Znany nam już z poprzedniego wpisu Książę wielkopolski Przemysł II , poślubił młodziutką Ludgardę , córkę księcia meklemburskiego – Henryka I.
Powszechnie uważano , że małżeństwo to nie zostało zawarte ze szczerej miłości, a jedynie po to , by Ludgarda urodziła mu jego męskiego potomka.
Po mniej więcej 10 latach Przemysł II, nie widząc szans na doczekanie się w tym związku dziedzica , zaczął rozmyślać o nowej żonie.
Według legendy , wybranką jego serca stała się księżniczka Ryksa , córka szwedzkiego króla Waldemara.
Ludgarda była coraz bardziej izolowana i odsuwana od życia publicznego, co jednak nie wystarczało księciu.

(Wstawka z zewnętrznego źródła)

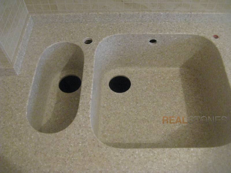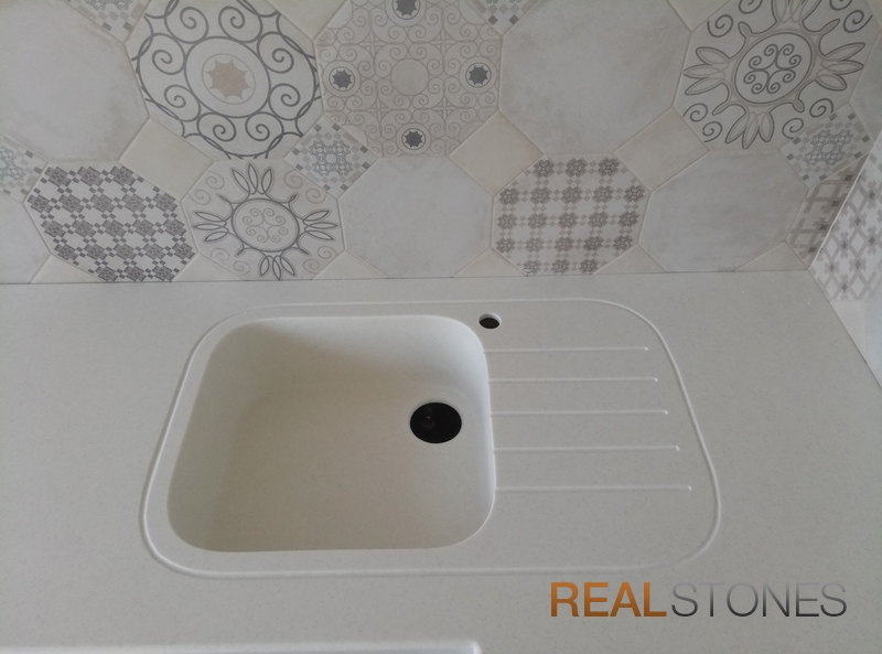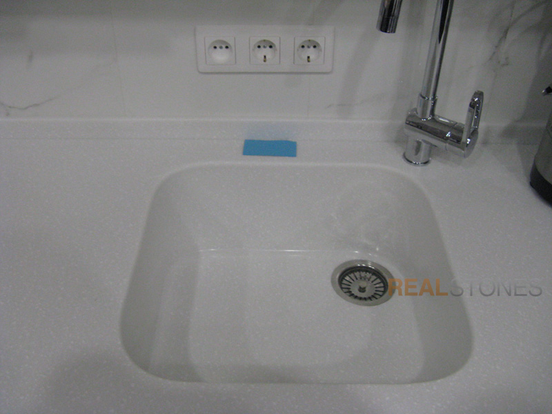 Компания Real Stones использует бесшовную технологию производства изделий любой сложной формы. Это исключает возможность появления стыков и швов, в которых может забиться грязь, а также делает легким уход за изделием.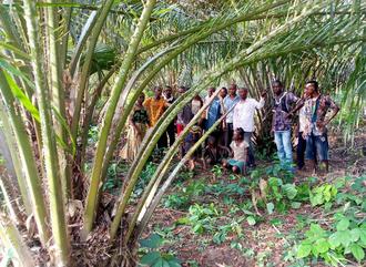 Vor 10 Jahren begann die Waldbauern nach Rückkehr in ihr kriegszerstörtes Dorf einen Ölpalmengarten anzulegen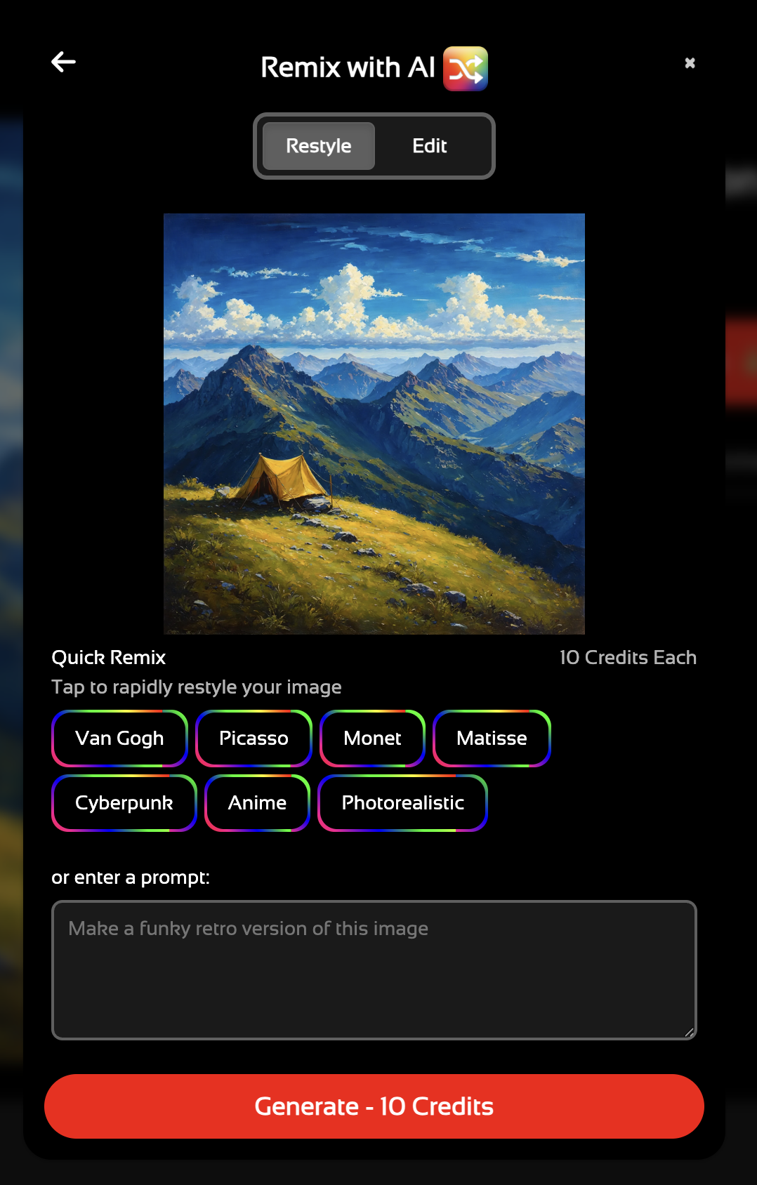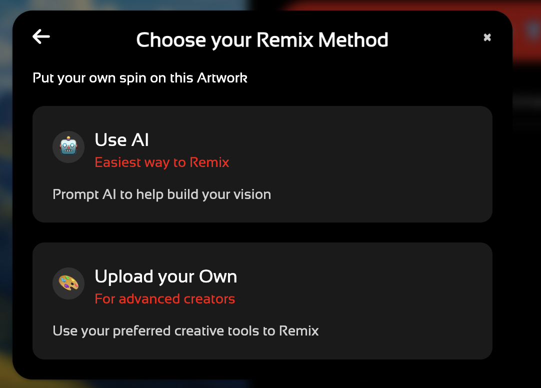 When selecting Remix with AI you can choose one of the quick remix style options or type out your own prompt.
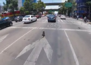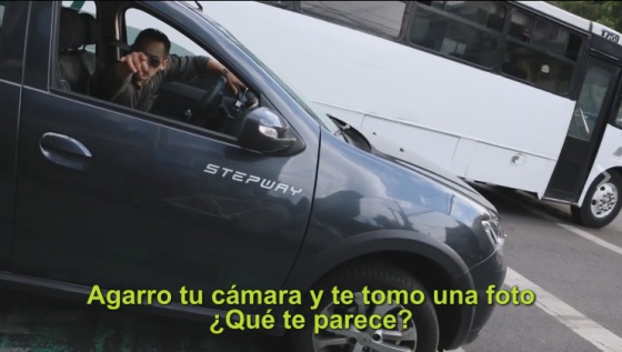 En el registro se observa a un automóvil que espera la luz verde invadiendo el carril exclusivo para las bicicletas y el trolebús. Santillán apuntó su cámara hacia el conductor y a continuación hacia sus placas, lo que provocó el conflicto. El automovilista cuestionó que el ciclista tomara una fotografía de su rótulo y este respondió que no podía circular por esa vía. También le dijo que la grabación era parte de su trabajo.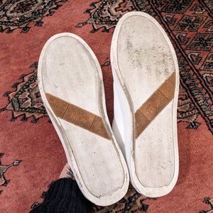 Made in Portugal from upcycled Italian leather & other sustainable materials. Very soft and supple. Clean white with gold accents. Worn only 2 or 3 times. NOTE: this is a size 8.5 but it fits more like an 8.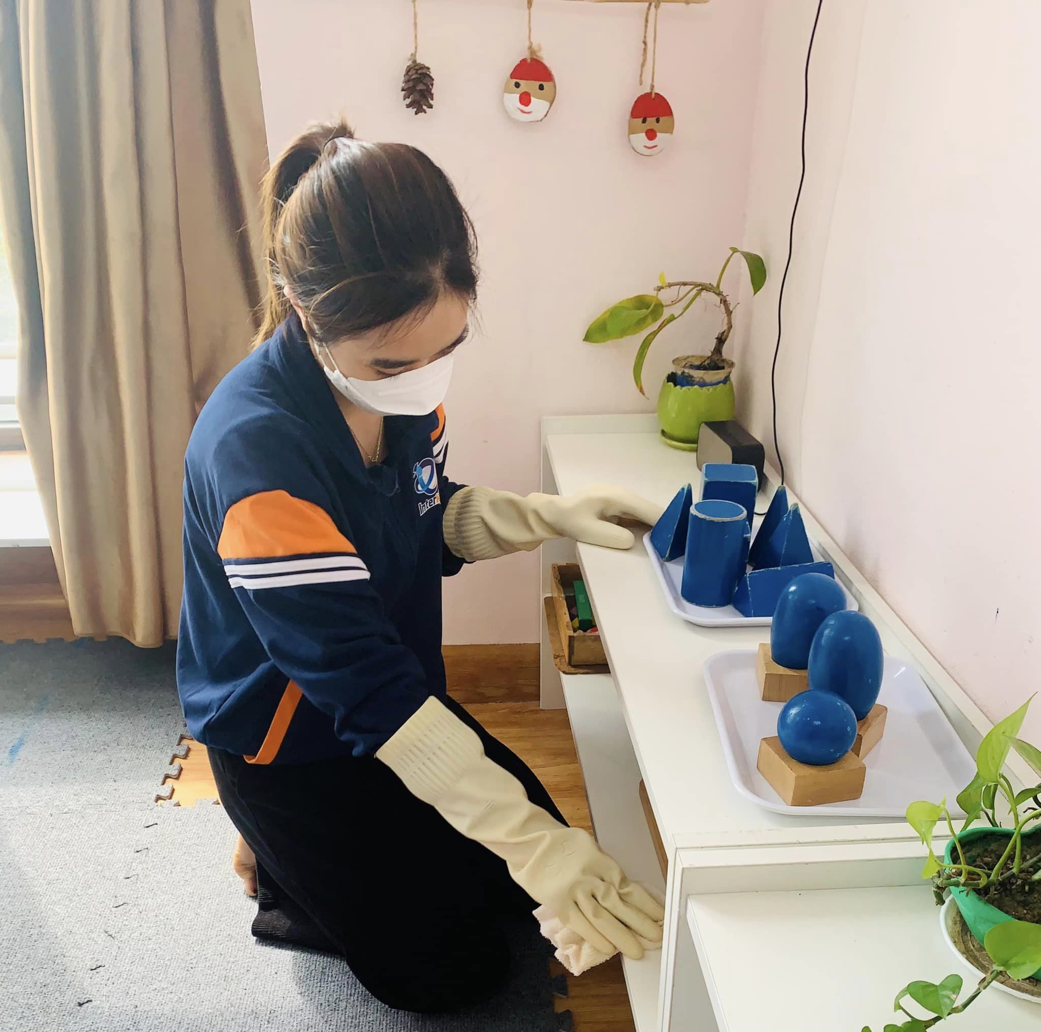 Nhận thức được sự quan trọng trong công tác đảm bảo sức khỏe cho trẻ trong thời điểm giao mùa này, trường mầm non InterKids tuân thủ nghiêm ngặt các nội quy thường nhật cho trẻ như: Rửa tay trước khi vào bữa ăn, sau khi hoạt động, giữ ấm phòng học nhưng vẫn đảm bảo đủ ánh sáng và độ thông thoáng, đảm bảo chế độ dinh dưỡng cho thực đơn hàng tuần, các Con được uống nước hoa quả đều đặn,....... Đặc biệt, Nhà trường đã thực hiện việc khử khuẩn bằng dung dịch sát khuẩn theo tiêu chuẩn để lau dọn và khử khuẩn định kì vào các cuối tuần. ![]()

Separacja nie wystarczała Przemysłowi II , bowiem chciał on definitywnie zakończyć ten związek, ale to wiązałoby się z wystąpieniem do papieża o unieważnienie małżeństwa .
Zdawał sobie sprawę z faktu , że ta procedura trwałaby wiele lat , nie mówiąc już o jej kosztach i niepewnych rezultatach.
Wprawdzie Przemysł mógł odesłać żonę do domu lub zesłać ją do klasztoru , ale i tak nie mógłby zawrzeć kolejnego , legalnego związku małżeńskiego.
Zaufani zaczęli szeptać , że najlepiej by było , gdyby książę został wdowcem…
Był to ciężki czas dla księżniczki Ludgardy , bowiem na swym dworze została otoczona dwórkami całkowicie lojalnymi wobec Przemysła.
Śledziły one każdy krok Ludgardy , starając się rzucić na nią jakiś cień podejrzeń o niewierność, co byłoby na rękę Przemysłowi.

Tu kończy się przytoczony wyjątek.